▶ [Records from a collection]:
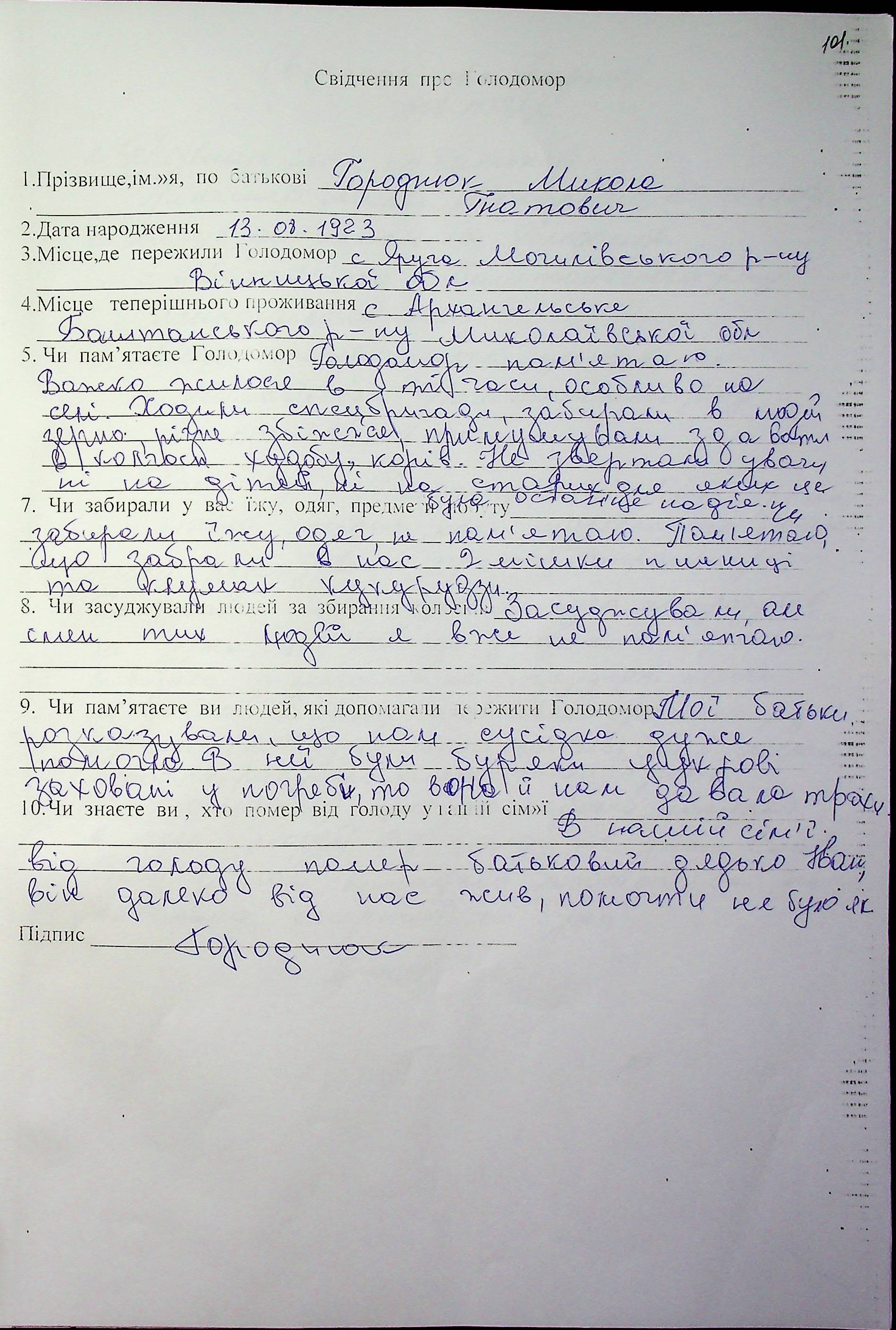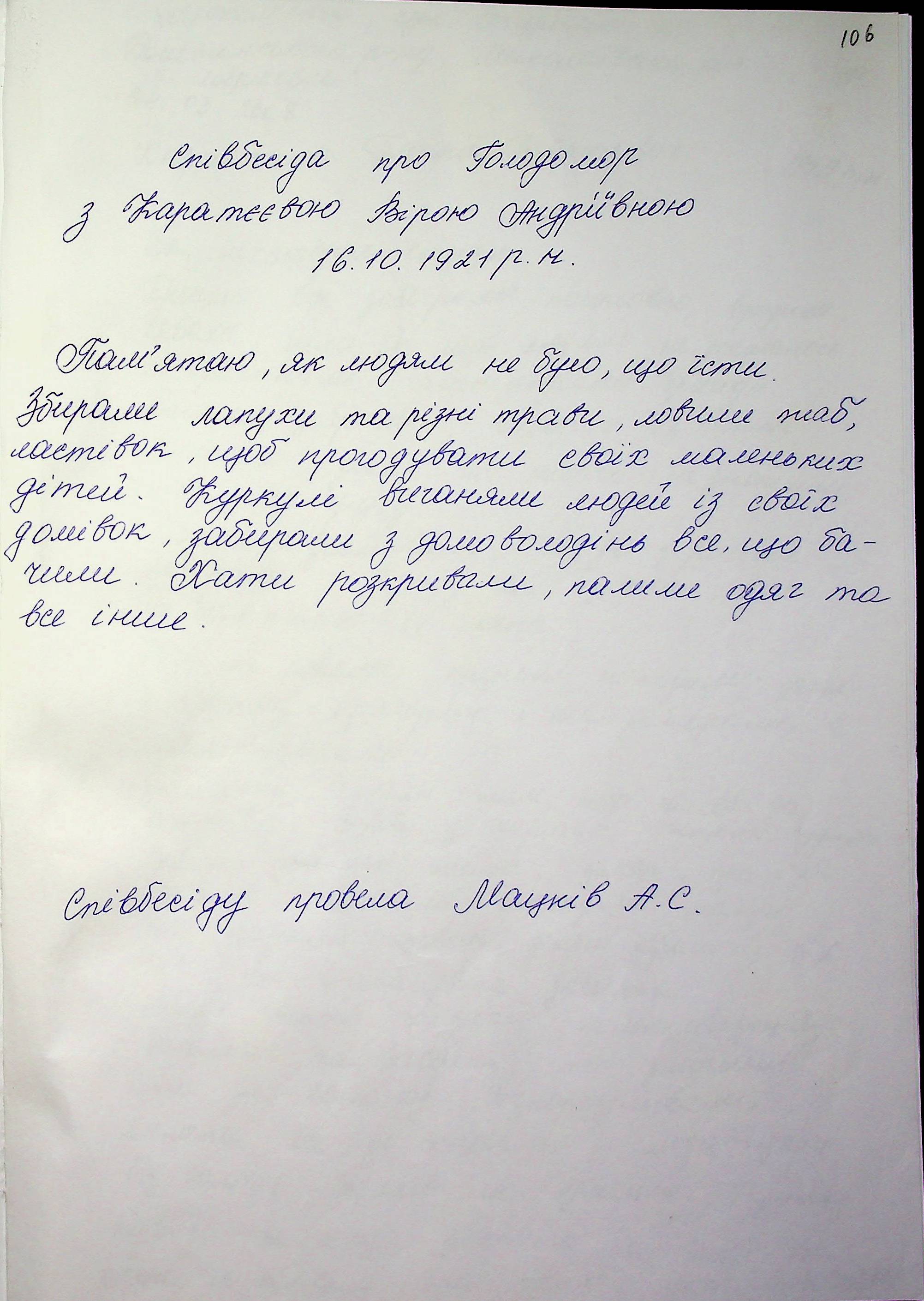 ◦ ◦ Фонд № 6146 “Колекція свідчень очевидців Голодомору 1932-1933 рр., нині проживаючих у Миколаївській області”
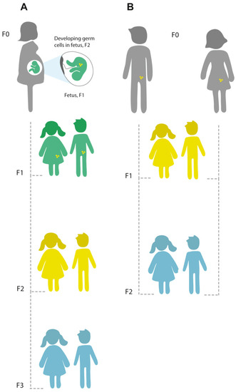Principles of intergenerational and transgenerational epigenetic inheritance. (A) If a pregnant woman (F0) is exposed to an environmental stressor, her son or daughter (F1; green), and his or her germ cells that will form the F2 generation (yellow) are also directly exposed, and this might result in intergenerational effects. The third generation (F3; blue) is the first generation that could represent transgenerational epigenetic inheritance. (B) If a man or a woman (F0) and their germ cells to the F1 generation (yellow) are directly exposed to an environmental stressor, the F2 offspring (blue) is the first generation that could represent transgenerational epigenetic inheritance. (Figure reproduced from [28] under the terms of Creative Commons Attribution License (CC BY) https://creativecommons.org/licenses/by/4.0/).
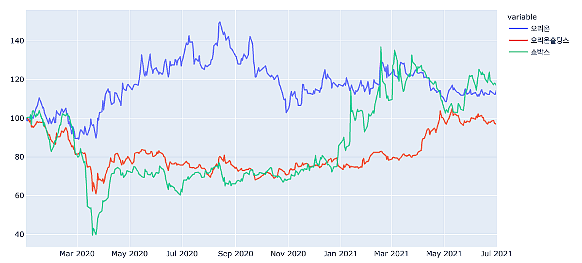 오리온, 오리온홀딩스, 쇼박스의 주가를 비교해보았다. 가격이 달라 2020년 1월2일을 100으로 놓고, 등락이 어떻게 되는지 살펴보았다.
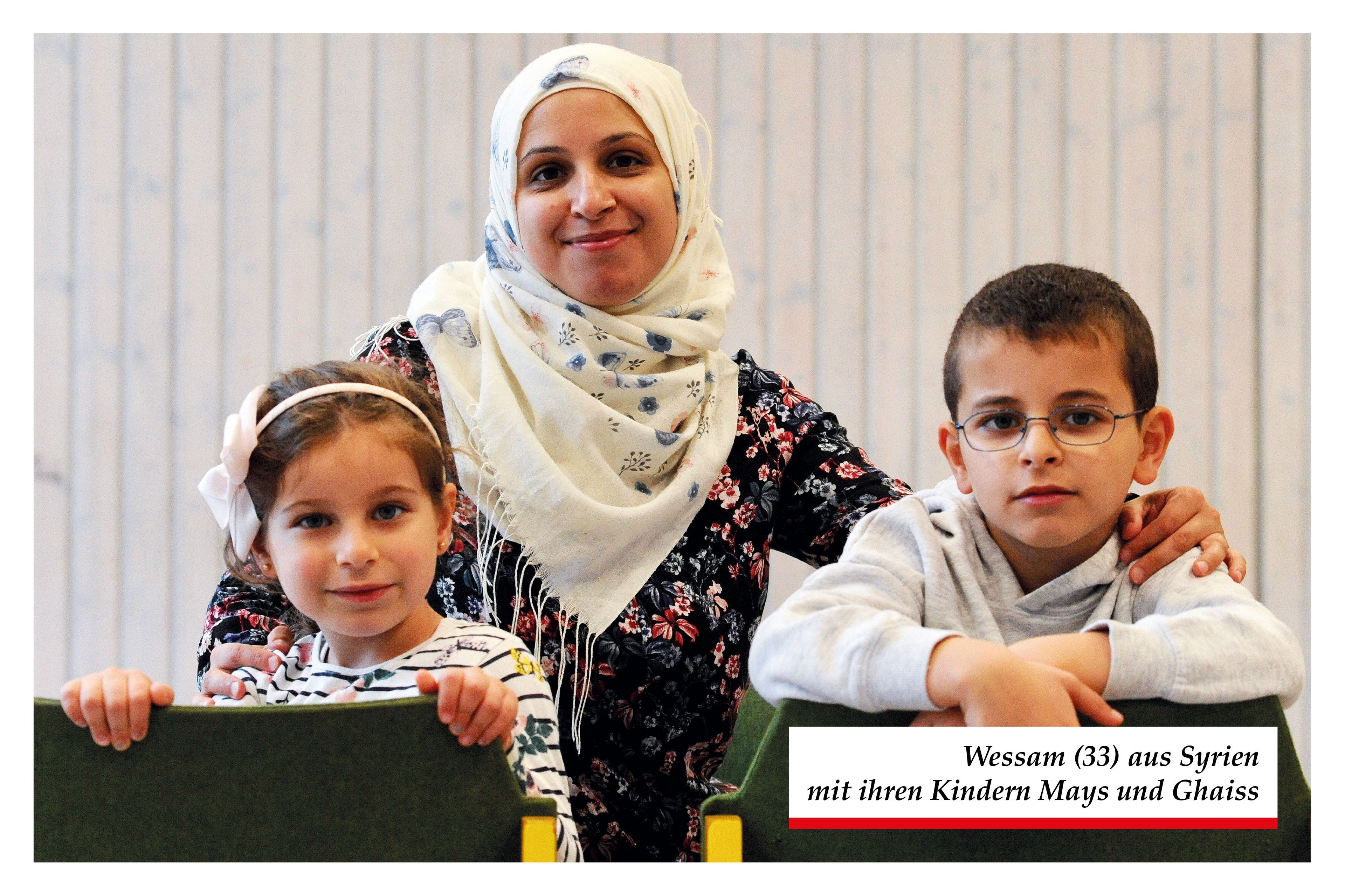 Wessam ist mit ihrem Mann Bassem 2016 aus Syrien geflüchtet. Bassem arbeitet als Elektriker und Wessam als Erzieherin im Kindergarten. Beide Kinder gehen gern in die Schule. Mays möchte gern einen Hund haben. „Ich bin Bayern- und HSV-Fan“, sagt Ghaiss.
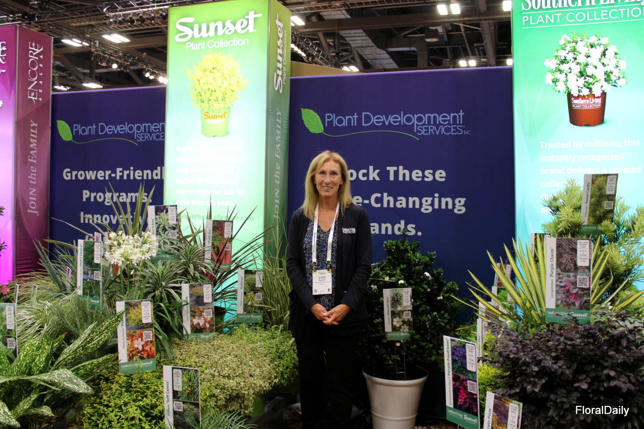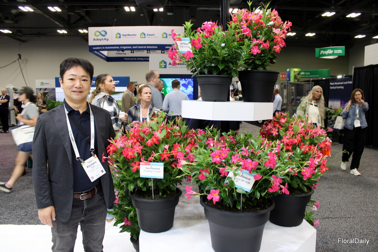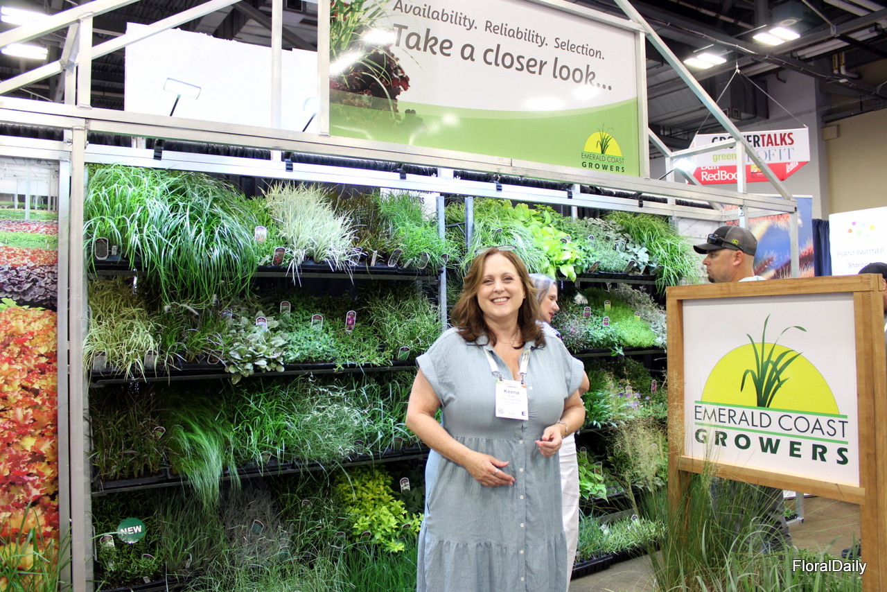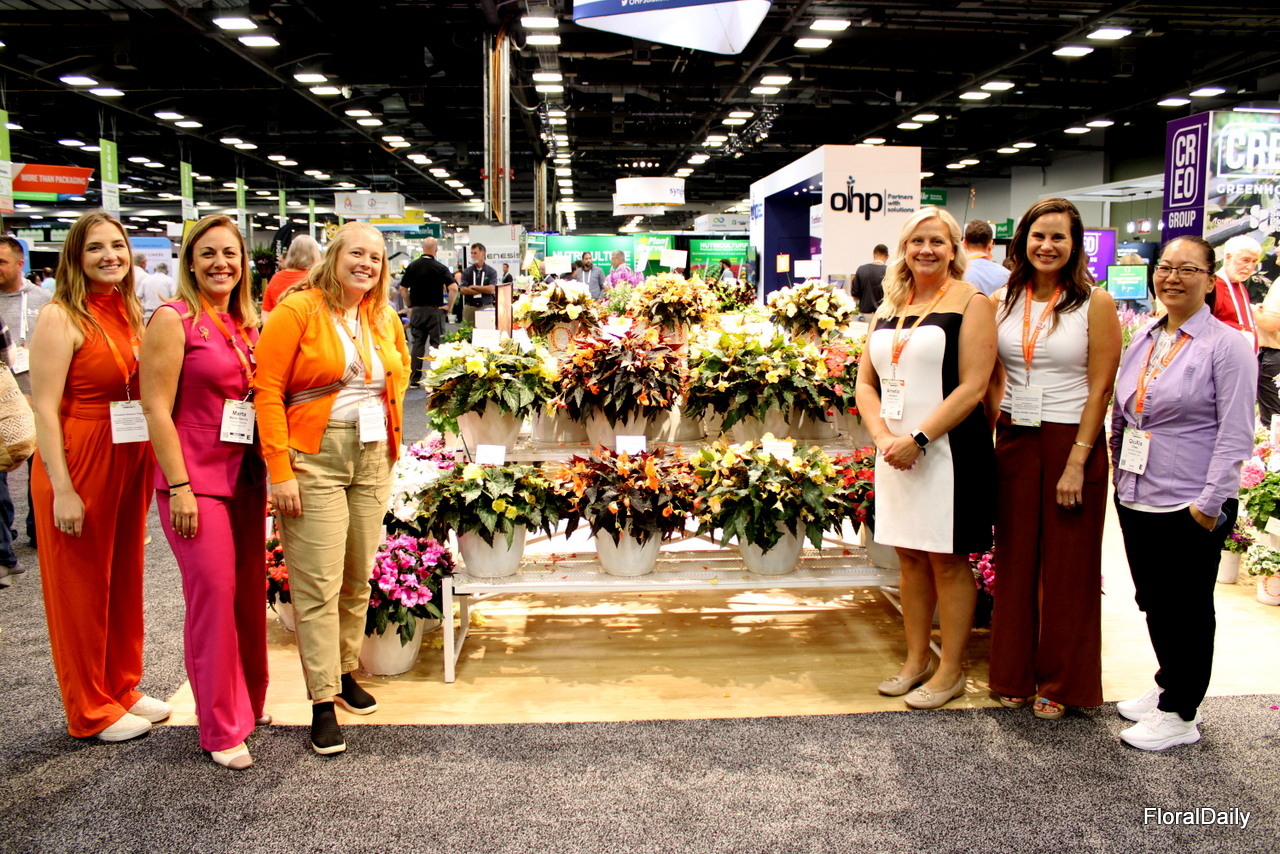 Michelle Miller of Sakata in their colorful display of SunPatiens
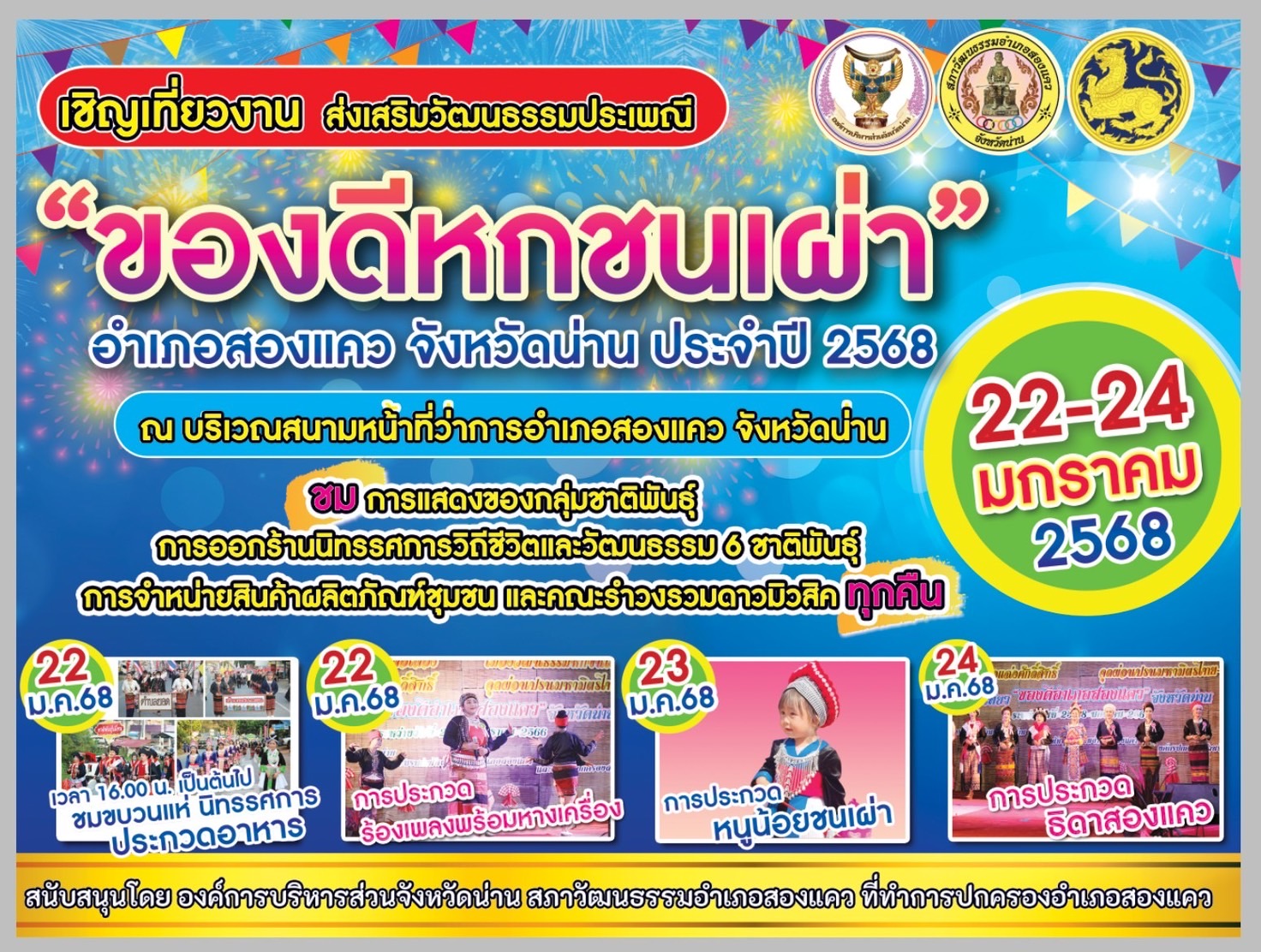 ททท.สำนักงานน่าน เชิญเที่ยวงานส่งเสริมวัฒนธรรมประเพณี “ของดีหกชนเผ่า” ประจำปี พ.ศ. 2568 วันที่ 22 – 24 มกราคม 2568 ณ สนามหน้าที่ว่าการอำเภอสองแคว จังหวัดน่าน

▶ [ASSIGNMENT]: The range to transcribe runs from the line holding "Michelle Miller of" through the final line of the data above; copy it exactly and exclude the pictures.

▶ [EXPECTED ANSWER]:
 Michelle Miller of Sakata in their colorful display of SunPatiens
 ททท.สำนักงานน่าน เชิญเที่ยวงานส่งเสริมวัฒนธรรมประเพณี “ของดีหกชนเผ่า” ประจำปี พ.ศ. 2568 วันที่ 22 – 24 มกราคม 2568 ณ สนามหน้าที่ว่าการอำเภอสองแคว จังหวัดน่าน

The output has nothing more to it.